If there were some way to prove a general rule by demonstrating the truth of a finite number of examples of its consequences, then we would be able to deduce anything from such a set of true statements.

Right? By the Principle of Explosion, a self-contradictory statement implies the truth of all statements. If we accepted the Principle of Induction, then the same evidence that proves “When things are dropped, they fall” would also prove “All cats are assholes and there exists at least one cat that is not an asshole,” which would prove every statement we can imagine.

So what does this have to do with falsification in differential diagnosis? Well, imagine you’ve come up with these hypotheses to explain some API slowness you’re troubleshooting:

Hypothesis Alpha: contention on the table cache is too high, so extra latency is introduced for each new table opened

Hypothesis Bravo: we’re hitting our IOPS limit on the EBS volume attached to the database server

There are many test results that would be compatible with Hypothesis Alpha. But unless you craft your tests very carefully, those same results will also be compatible with Hypothesis Bravo. Without a highly specific test for table cache contention, you can’t prove Hypothesis Alpha through a series of observations that agree with it.

What you can do, however, is try to quickly falsify Hypothesis Bravo by checking some graphs against some AWS configuration data. And if you do that, then Hypothesis Alpha is the your best remaining guess.
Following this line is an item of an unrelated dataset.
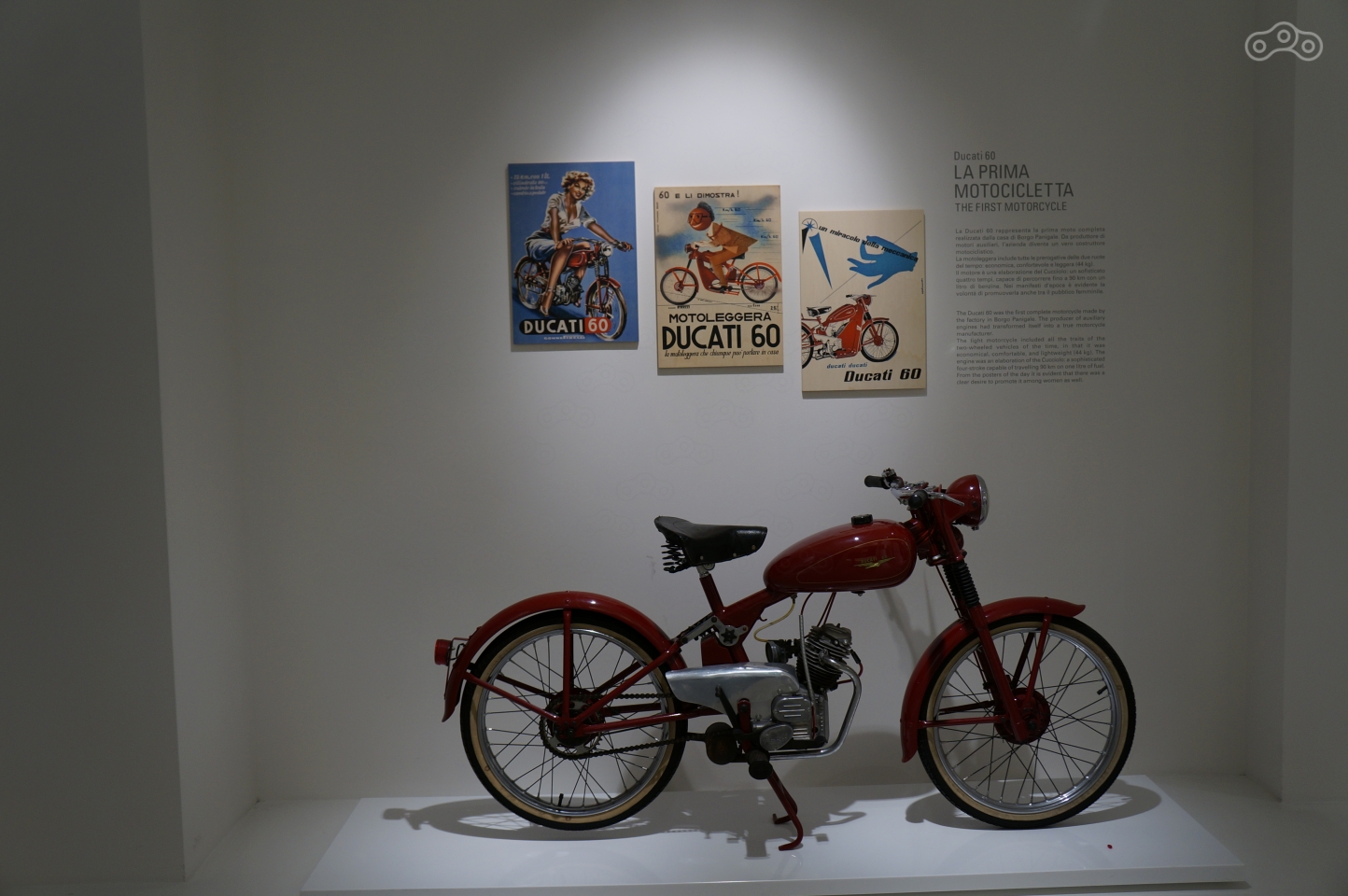 Его, к слову, в музее называют первым мотоциклом бренда, хотя в действительности именно мотоцикл завод выпустил лишь в 1949 году, которым стал 4-тактный одноцилиндровый Ducati 60. Цифра в названии означает объем 2,5-сильного моторчика.

Now you can start treating for table cache contention on the one hand, and attempting the more time-consuming process (especially if it’s correct!) of falsifying Hypothesis Alpha.

Isn’t this kind of abstract?

Haha OMG yes. It’s the most abstract. But that doesn’t mean it’s not a useful idea.

If it’s your job to troubleshoot problems, you know that tunnel vision is very real. If you focus on generating alternate hypotheses and falsifying them, you can resist tunnel vision’s allure.